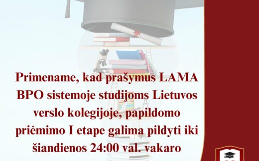 Vakar baigėsi papildomo LAMA BPO priėmimo I etapo paraiškų teikimas Lietuvos verslo kolegijoje
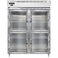 Designer Line Wide Freezer, reach-in, 57"W, two-section, self-contained refrigeration, aluminum exterior & interior, stainless steel front, standard depth cabinet, wide half-height glass doors, cylinder locks, electronic control with digital display, hi-low alarm, 6" stainless steel legs, R290 hydrocarbon refrigerant, 1 HP, cETLus, NSF
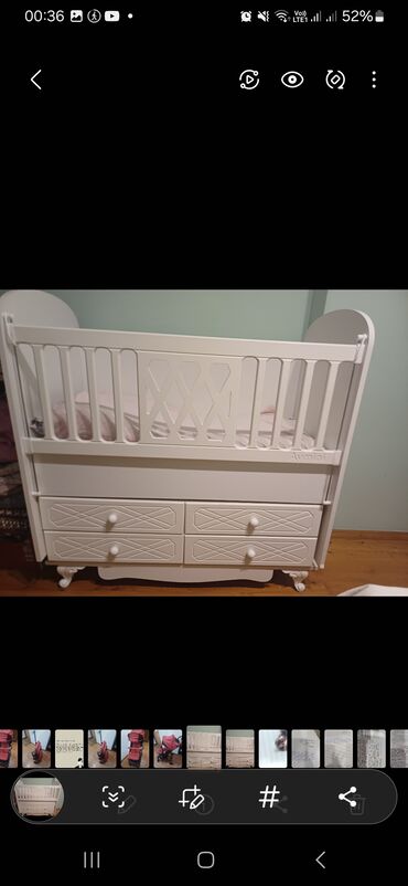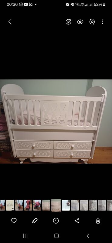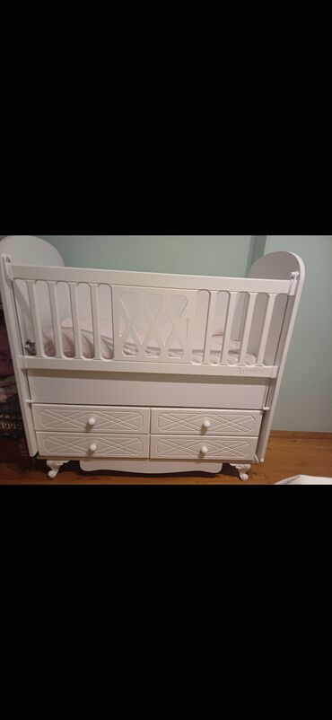 Mehra….Məhsul: Beşik (matraslı) - Brend/üzərində yazı: belis - Rəng: açıq çəhrayı və ağ - Material: laminat/MDF tipli taxta konstruksiya - Yan tərəf sürüşdürülərək aşağı-yuxarı hərəkət edən məhəcc...
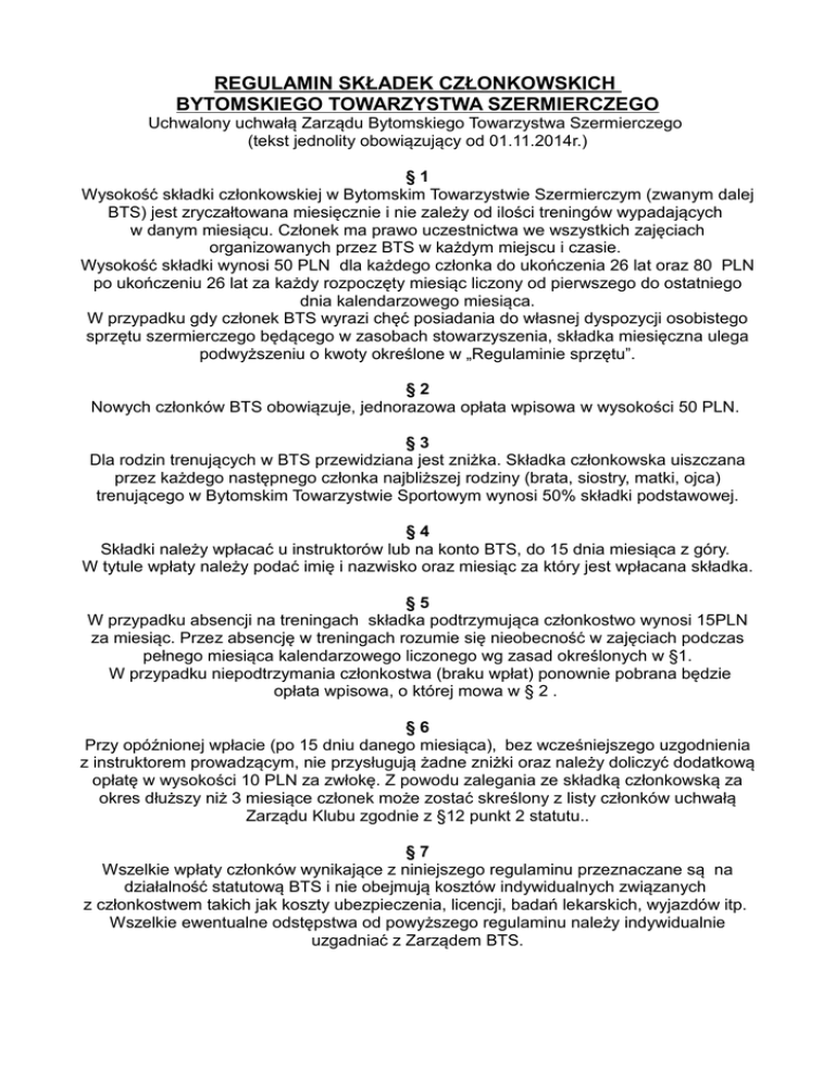 REGULAMIN SKŁADEK CZŁONKOWSKICH BYTOMSKIEGO TOWARZYSTWA SZERMIERCZEGO Uchwalony uchwałą Zarządu Bytomskiego Towarzystwa Szermierczego (tekst jednolity obowiązujący od 01.11.2014r.) §1 Wysokość składki członkowskiej w Bytomskim Towarzystwie Szermierczym (zwanym dalej BTS) jest zryczałtowana miesięcznie i nie zależy od ilości treningów wypadających w danym miesiącu. Członek ma prawo uczestnictwa we wszystkich zajęciach organizowanych przez BTS w każdym miejscu i czasie. Wysokość składki wynosi 50 PLN dla każdego członka do ukończenia 26 lat oraz 80 PLN po ukończeniu 26 lat za każdy rozpoczęty miesiąc liczony od pierwszego do ostatniego dnia kalendarzowego miesiąca. W przypadku gdy członek BTS wyrazi chęć posiadania do własnej dyspozycji osobistego sprzętu szermierczego będącego w zasobach stowarzyszenia, składka miesięczna ulega podwyższeniu o kwoty określone w „Regulaminie sprzętu”. §2 Nowych członków BTS obowiązuje, jednorazowa opłata wpisowa w wysokości 50 PLN. §3 Dla rodzin trenujących w BTS przewidziana jest zniżka. Składka członkowska uiszczana przez każdego następnego członka najbliższej rodziny (brata, siostry, matki, ojca) trenującego w Bytomskim Towarzystwie Sportowym wynosi 50% składki podstawowej. §4 Składki należy wpłacać u instruktorów lub na konto BTS, do 15 dnia miesiąca z góry. W tytule wpłaty należy podać imię i nazwisko oraz miesiąc za który jest wpłacana składka. §5 W przypadku absencji na treningach składka podtrzymująca członkostwo wynosi 15PLN za miesiąc. Przez absencję w treningach rozumie się nieobecność w zajęciach podczas pełnego miesiąca kalendarzowego liczonego wg zasad określonych w §1. W przypadku niepodtrzymania członkostwa (braku wpłat) ponownie pobrana będzie opłata wpisowa, o której mowa w § 2 . §6 Przy opóźnionej wpłacie (po 15 dniu danego miesiąca), bez wcześniejszego uzgodnienia z instruktorem prowadzącym, nie przysługują żadne zniżki oraz należy doliczyć dodatkową opłatę w wysokości 10 PLN za zwłokę. Z powodu zalegania ze składką członkowską za okres dłuższy niż 3 miesiące członek może zostać skreślony z listy członków uchwałą Zarządu Klubu zgodnie z §12 punkt 2 statutu.. §7 Wszelkie wpłaty członków wynikające z niniejszego regulaminu przeznaczane są na działalność statutową BTS i nie obejmują kosztów indywidualnych związanych z członkostwem takich jak koszty ubezpieczenia, licencji, badań lekarskich, wyjazdów itp. Wszelkie ewentualne odstępstwa od powyższego regulaminu należy indywidualnie uzgadniać z Zarządem BTS.
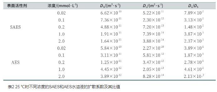 表2 25℃時不同濃度的SAES和AES水溶液的擴(kuò)散系數(shù)及其比值
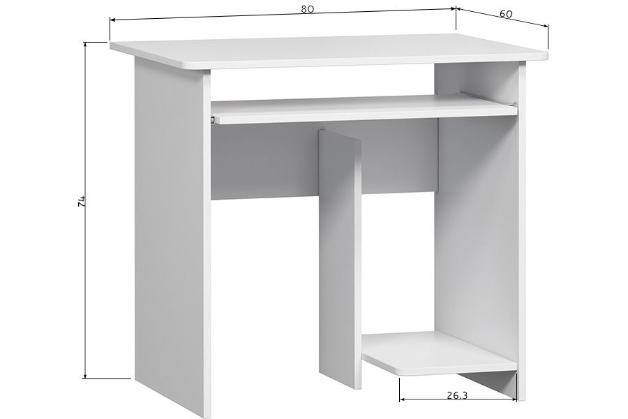 Стильный компактный компьютерный стол идеально подойдет для небольшой комнаты. Лаконичные формы и белый цвет исполнения делает стол универсальным для любого интерьера. Размеры столешницы 800 х 600 мм позволяют установить монитор любой диагонали. Стол оборудован выдвижной полкой для клавиатуры, а в основании с правой стороны расположена ниша под системный блок.
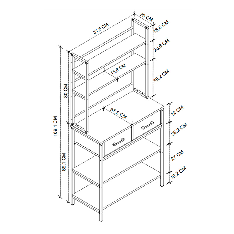 Έπιπλο κουζίνας Printo Megapap μεταλλικό – μελαμίνης χρώμα μαύρο – καπνιστή καρυδιά 81,6×37,5×169,1εκ.
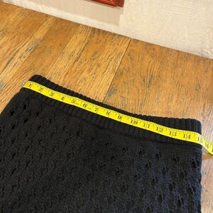 Chic black midi skirt with an openwork crochet knit and soft elastic waistband. Features a shorter solid black lining underneath for coverage and contrast. Feminine and cozy, easy to pair with boots or sneakers for a stylish cool-weather look.
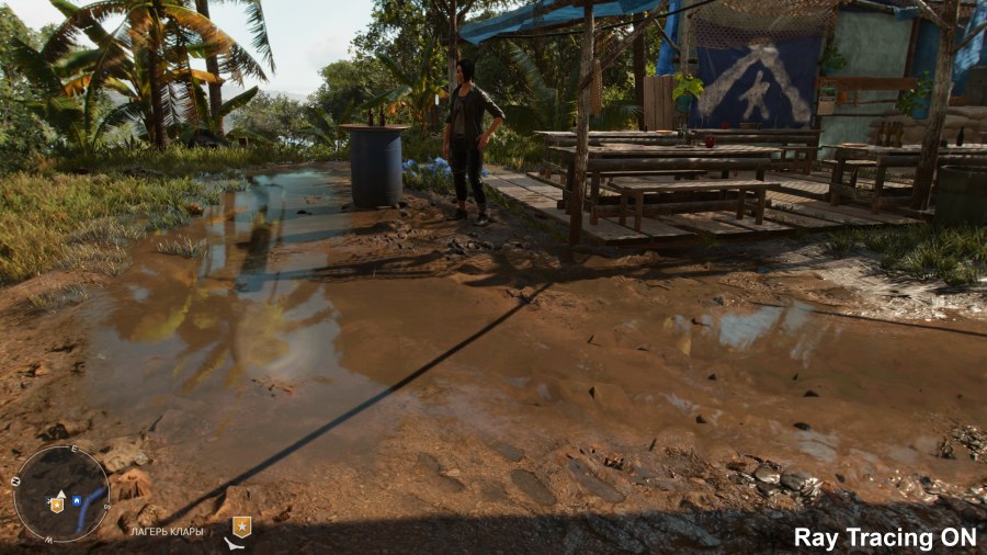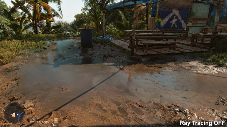 Сразу видна разница в отражениях на поверхности лужи. Также появляется более корректная сетчатая тень и вода имеет близкий к окружению оттенок, что придает картинке естественности. Детальнее о влиянии трассировки на картинку поговорим в отдельном обзоре.
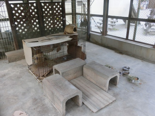 本校で飼育しているうさぎは、暑さに負けず元気に過ごしています。どの風向きでも過ごせるように日陰の場所を作り、安心して過ごせる場所を確保したり、保冷剤を常に置いて涼しく過ごせる場所を確保したりするなどし、暑さ対策をしています。うさぎたちも快適に過ごせる場所を自分たちで選びながら、のびのびと過ごしています。
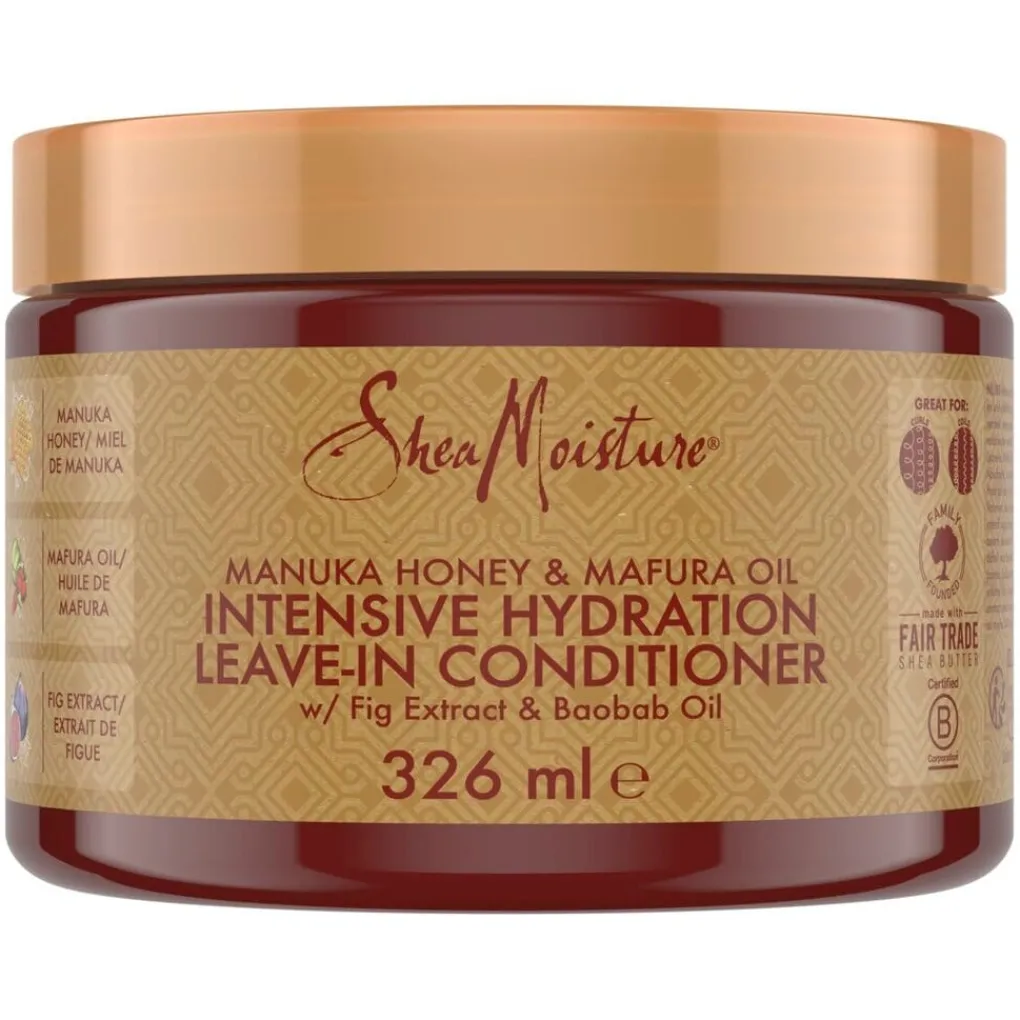 SheaMoisture Manuka Honey & Mafura Oil Intensief Hydraterende Leave-In Conditioner helpt beschadigd en droog haar herstellen met een krachtige hydratatieboost.
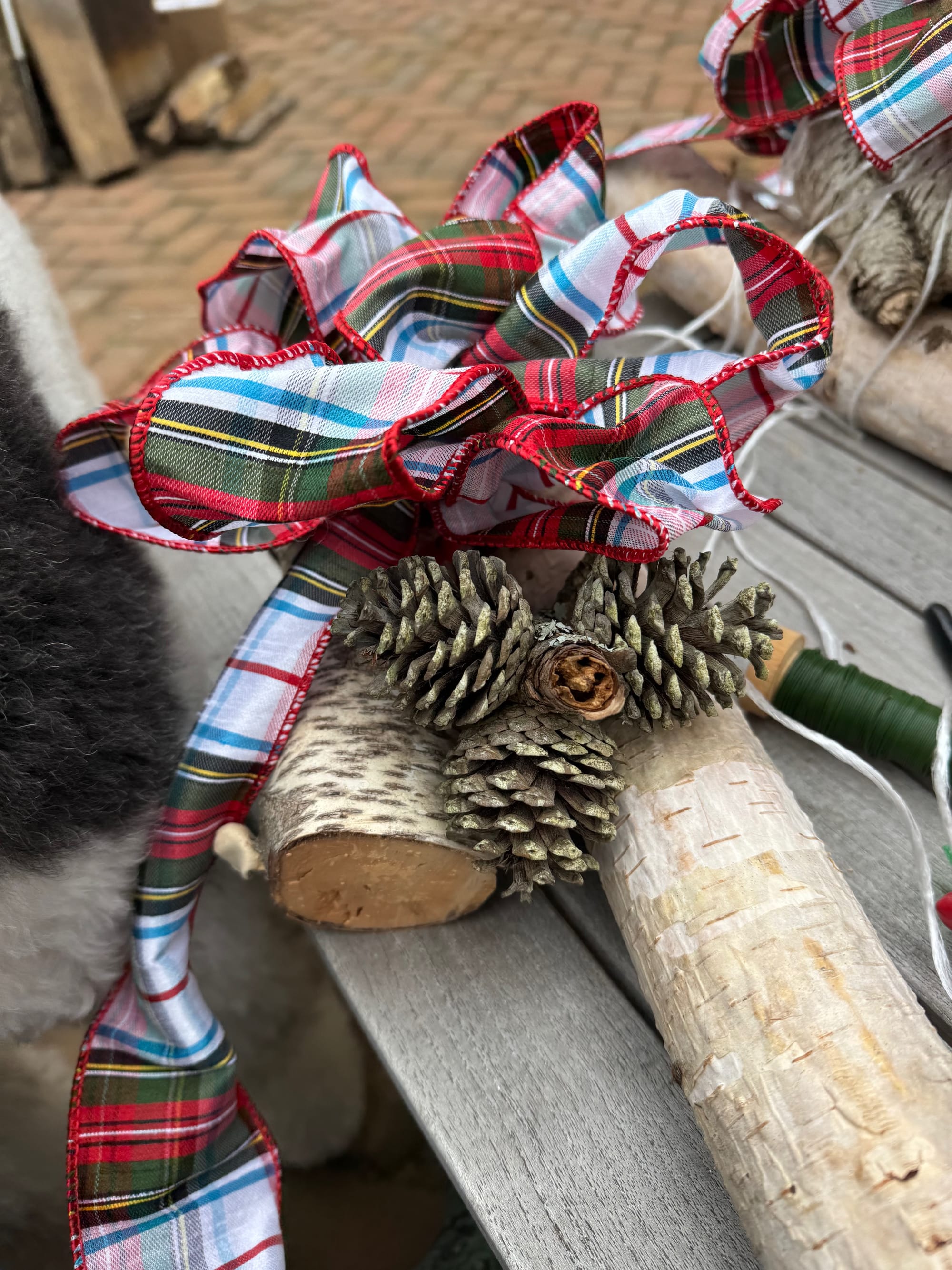 A few narrow branches from a birch tree are a favorite, too. In the center, toward the front, I usually add a bright bow to add some pop of color. Every year I change it out and get more and more creative.
::::::::::
Without the pictures, write out the whole listing above exactly as it appears.

**SOLVED PROBLEM:**
 Vakar baigėsi papildomo LAMA BPO priėmimo I etapo paraiškų teikimas Lietuvos verslo kolegijoje
 Designer Line Wide Freezer, reach-in, 57"W, two-section, self-contained refrigeration, aluminum exterior & interior, stainless steel front, standard depth cabinet, wide half-height glass doors, cylinder locks, electronic control with digital display, hi-low alarm, 6" stainless steel legs, R290 hydrocarbon refrigerant, 1 HP, cETLus, NSF
 Mehra….Məhsul: Beşik (matraslı) - Brend/üzərində yazı: belis - Rəng: açıq çəhrayı və ağ - Material: laminat/MDF tipli taxta konstruksiya - Yan tərəf sürüşdürülərək aşağı-yuxarı hərəkət edən məhəcc...
 REGULAMIN SKŁADEK CZŁONKOWSKICH BYTOMSKIEGO TOWARZYSTWA SZERMIERCZEGO Uchwalony uchwałą Zarządu Bytomskiego Towarzystwa Szermierczego (tekst jednolity obowiązujący od 01.11.2014r.) §1 Wysokość składki członkowskiej w Bytomskim Towarzystwie Szermierczym (zwanym dalej BTS) jest zryczałtowana miesięcznie i nie zależy od ilości treningów wypadających w danym miesiącu. Członek ma prawo uczestnictwa we wszystkich zajęciach organizowanych przez BTS w każdym miejscu i czasie. Wysokość składki wynosi 50 PLN dla każdego członka do ukończenia 26 lat oraz 80 PLN po ukończeniu 26 lat za każdy rozpoczęty miesiąc liczony od pierwszego do ostatniego dnia kalendarzowego miesiąca. W przypadku gdy członek BTS wyrazi chęć posiadania do własnej dyspozycji osobistego sprzętu szermierczego będącego w zasobach stowarzyszenia, składka miesięczna ulega podwyższeniu o kwoty określone w „Regulaminie sprzętu”. §2 Nowych członków BTS obowiązuje, jednorazowa opłata wpisowa w wysokości 50 PLN. §3 Dla rodzin trenujących w BTS przewidziana jest zniżka. Składka członkowska uiszczana przez każdego następnego członka najbliższej rodziny (brata, siostry, matki, ojca) trenującego w Bytomskim Towarzystwie Sportowym wynosi 50% składki podstawowej. §4 Składki należy wpłacać u instruktorów lub na konto BTS, do 15 dnia miesiąca z góry. W tytule wpłaty należy podać imię i nazwisko oraz miesiąc za który jest wpłacana składka. §5 W przypadku absencji na treningach składka podtrzymująca członkostwo wynosi 15PLN za miesiąc. Przez absencję w treningach rozumie się nieobecność w zajęciach podczas pełnego miesiąca kalendarzowego liczonego wg zasad określonych w §1. W przypadku niepodtrzymania członkostwa (braku wpłat) ponownie pobrana będzie opłata wpisowa, o której mowa w § 2 . §6 Przy opóźnionej wpłacie (po 15 dniu danego miesiąca), bez wcześniejszego uzgodnienia z instruktorem prowadzącym, nie przysługują żadne zniżki oraz należy doliczyć dodatkową opłatę w wysokości 10 PLN za zwłokę. Z powodu zalegania ze składką członkowską za okres dłuższy niż 3 miesiące członek może zostać skreślony z listy członków uchwałą Zarządu Klubu zgodnie z §12 punkt 2 statutu.. §7 Wszelkie wpłaty członków wynikające z niniejszego regulaminu przeznaczane są na działalność statutową BTS i nie obejmują kosztów indywidualnych związanych z członkostwem takich jak koszty ubezpieczenia, licencji, badań lekarskich, wyjazdów itp. Wszelkie ewentualne odstępstwa od powyższego regulaminu należy indywidualnie uzgadniać z Zarządem BTS.
 表2 25℃時不同濃度的SAES和AES水溶液的擴(kuò)散系數(shù)及其比值
 Стильный компактный компьютерный стол идеально подойдет для небольшой комнаты. Лаконичные формы и белый цвет исполнения делает стол универсальным для любого интерьера. Размеры столешницы 800 х 600 мм позволяют установить монитор любой диагонали. Стол оборудован выдвижной полкой для клавиатуры, а в основании с правой стороны расположена ниша под системный блок.
 Έπιπλο κουζίνας Printo Megapap μεταλλικό – μελαμίνης χρώμα μαύρο – καπνιστή καρυδιά 81,6×37,5×169,1εκ.
 Chic black midi skirt with an openwork crochet knit and soft elastic waistband. Features a shorter solid black lining underneath for coverage and contrast. Feminine and cozy, easy to pair with boots or sneakers for a stylish cool-weather look.
 Сразу видна разница в отражениях на поверхности лужи. Также появляется более корректная сетчатая тень и вода имеет близкий к окружению оттенок, что придает картинке естественности. Детальнее о влиянии трассировки на картинку поговорим в отдельном обзоре.
 本校で飼育しているうさぎは、暑さに負けず元気に過ごしています。どの風向きでも過ごせるように日陰の場所を作り、安心して過ごせる場所を確保したり、保冷剤を常に置いて涼しく過ごせる場所を確保したりするなどし、暑さ対策をしています。うさぎたちも快適に過ごせる場所を自分たちで選びながら、のびのびと過ごしています。
 SheaMoisture Manuka Honey & Mafura Oil Intensief Hydraterende Leave-In Conditioner helpt beschadigd en droog haar herstellen met een krachtige hydratatieboost.
 A few narrow branches from a birch tree are a favorite, too. In the center, toward the front, I usually add a bright bow to add some pop of color. Every year I change it out and get more and more creative.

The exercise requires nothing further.